- Founded: 1965
- Location: Stuttgart
- Principal conductor: Helmuth Rilling; Hans-Christoph Rademann (from 2013);
- Website: www.bachakademie.de/de/bach-collegium.html

= Bach-Collegium Stuttgart =

German instrumental ensemble

Bach-Collegium Stuttgart is an internationally known German instrumental ensemble, founded by Helmuth Rilling in 1965 to accompany the Gächinger Kantorei in choral music with orchestra. Its members are mostly orchestra musicians from Germany and Switzerland who get together for projects associated with the choir and also instrumental programs of their own.

The ensemble has performed at festivals such as the "Musikfest Stuttgart" of the Internationale Bachakademie Stuttgart, Salzburg Festival, Lucerne Festival, Prague Spring or Rheingau Musik Festival.

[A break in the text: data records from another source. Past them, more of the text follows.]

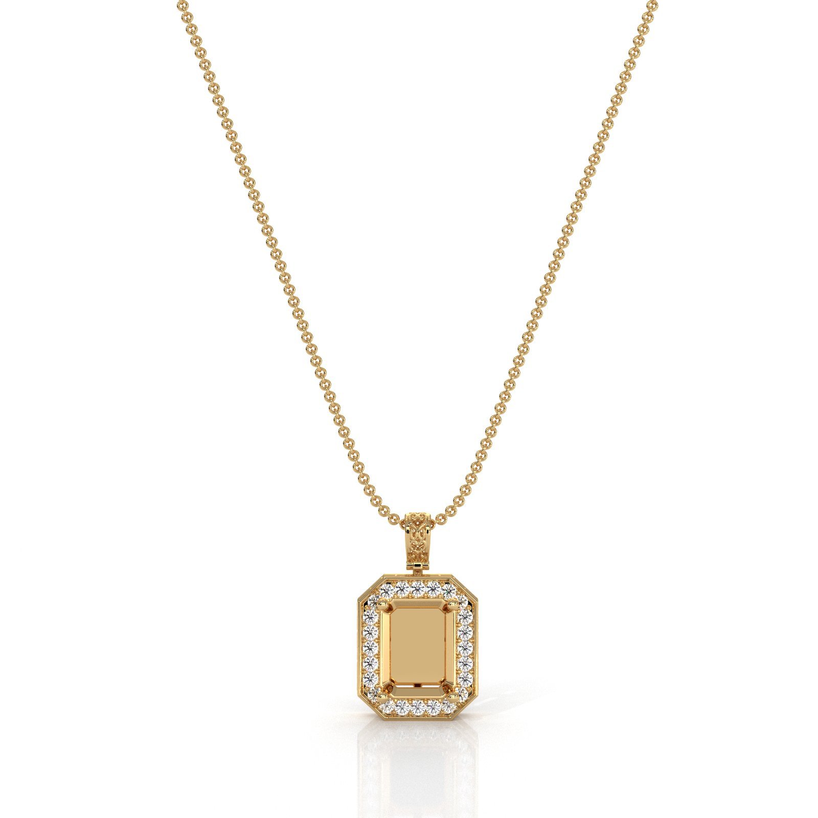 This round pre-set pave diamond halo pendant is made for a radiant cut solitaire. Expertly crafted in 14k Gold Yellow for a refined and luxurious finish. Perfect for showcasing your center stone with brilliant sparkle and style. Includes a matching rolo link chain for a polished presentation.
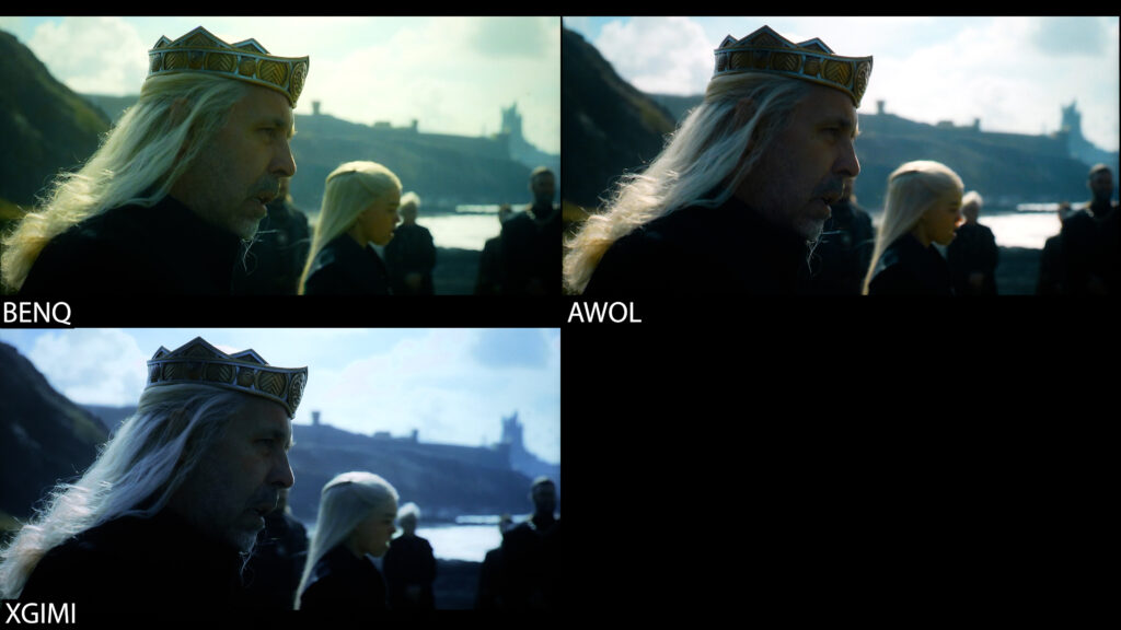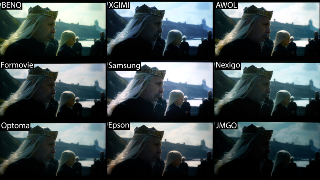 In this grouping you can see that the optoma lacks contrast, and shadow detail, especially in the king’s facial hair, is lost, and even though I really like the overall picture of the Formovie, you can see that the sharpening algorithm introduced digital noise into the black areas of the scene, so that leaves the nexigo and the awol, and between the two the nexigo appears to have slightly better black levels, and avoids the sharpening artifacts that are also present on the AWOL, but the AWOL’s brightness really makes the highlights pop and is my personal preference for the neutral color palette.
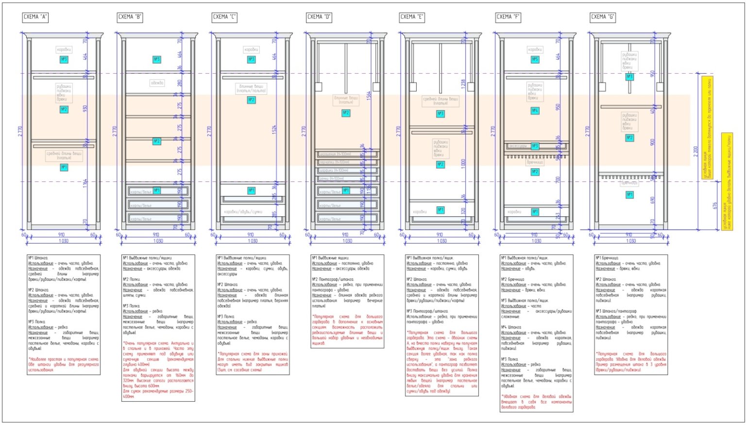 Шкаф гардеробная чертеж эргономика
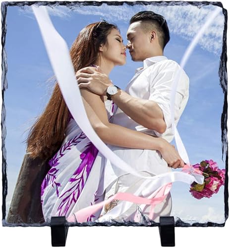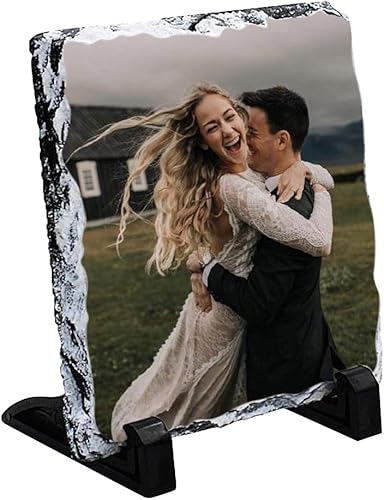 Lithographie de Personnalisée avec Photo Image Cadre de Photo en Pierre DIY Plaque de Tableau Calcaire avec Support Souvenir de Couple Personnalisable Cadeau Exquis de Noël Anniversaire Saint-Valentin
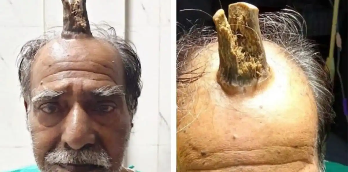 A un granjero indio le creció un 'cuerno del diablo' después de sufrir una lesión en la cabeza. Los médicos le diagnosticaron una rara condición de cuerno sebáceo, que se origina por lo general en las áreas de la piel expuestas al sol.
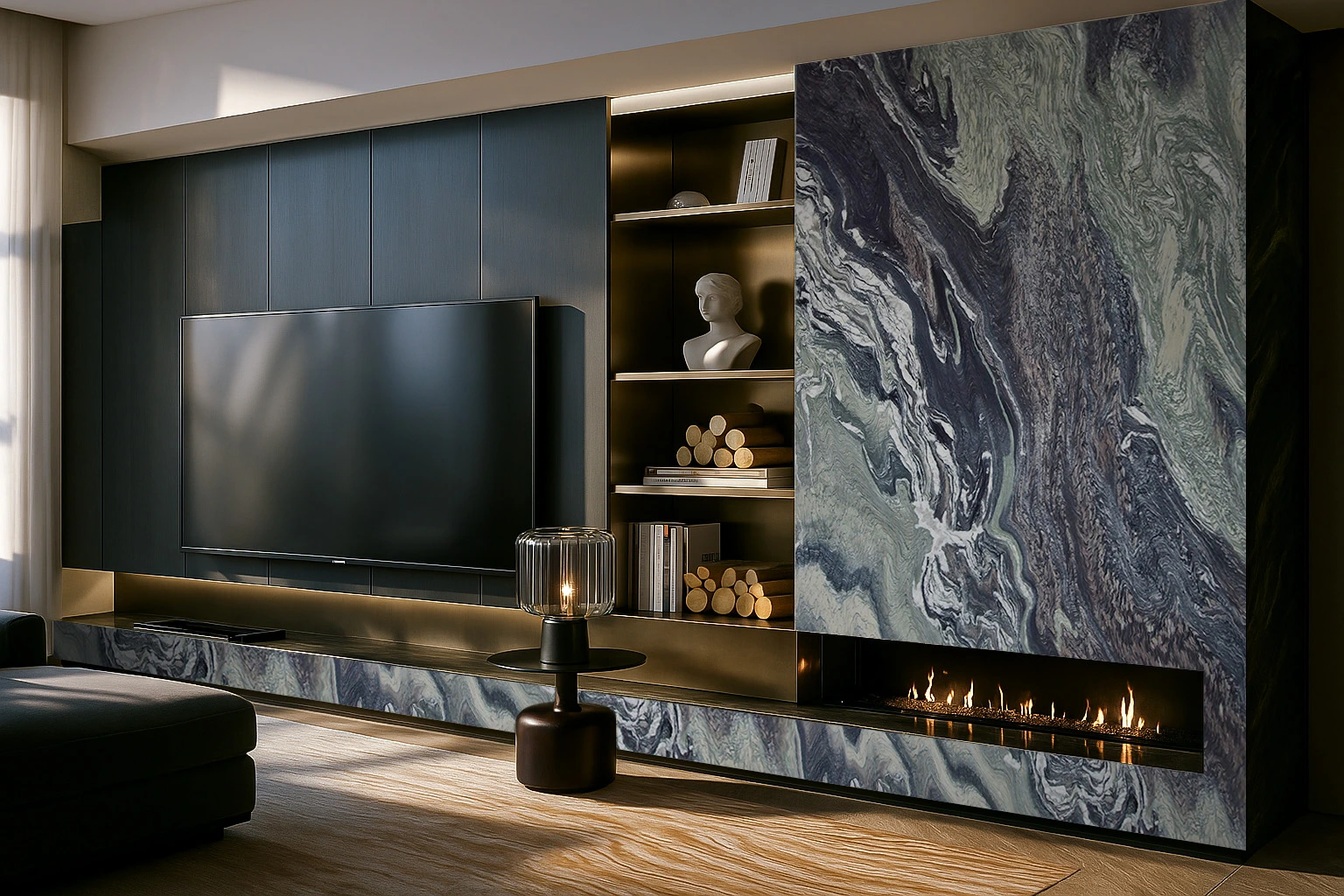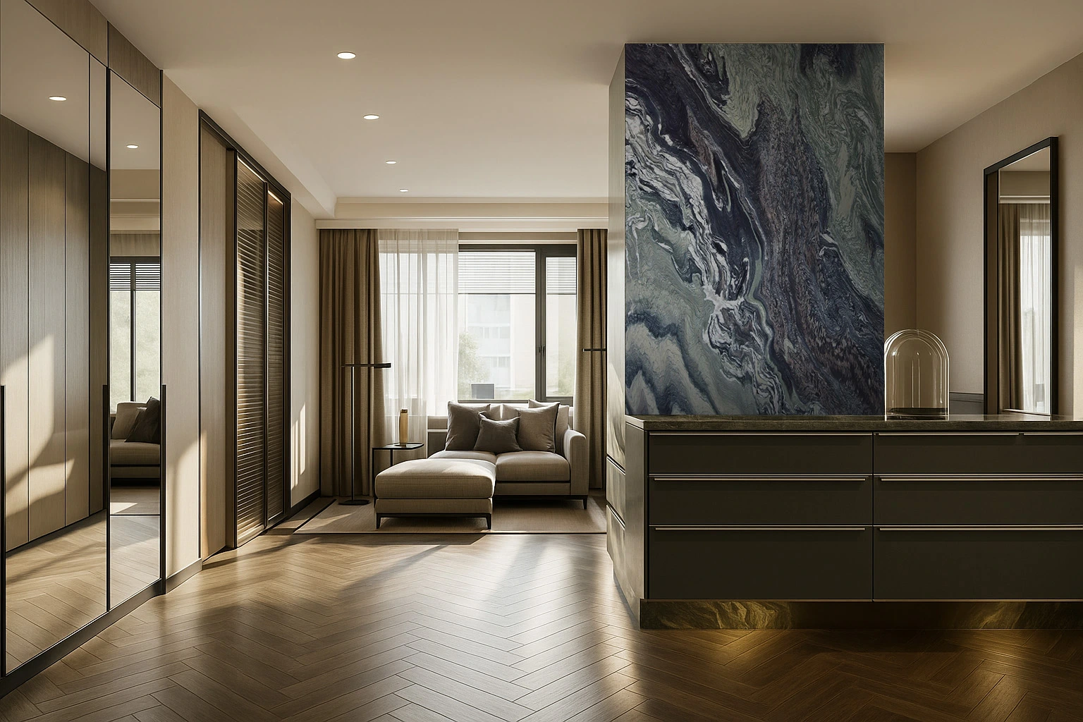 Charcoal-gray canvas layered with swirling sage-green currents and whisper-thin lavender veins, evoking windswept mountain ridges under a stormy twilight sky.

Gächinger Kantorei and Bach-Collegium Stuttgart, conducted by Rilling, completed a first recording worldwide of Bach's cantatas and oratorios, a project of 15 years in collaboration with Hänssler Classic, in 1985 on the occasion of the composer's 300th birthday. The recording was awarded a Grand Prix du Disque.

The Bach-Collegium Stuttgart has been instrumental in premieres of works such as Wolfgang Rihm's Deus Passus (Passionsstücke nach Lukas) in 2000 and new versions of works such as Mozart's Great Mass completed by Robert D. Levin.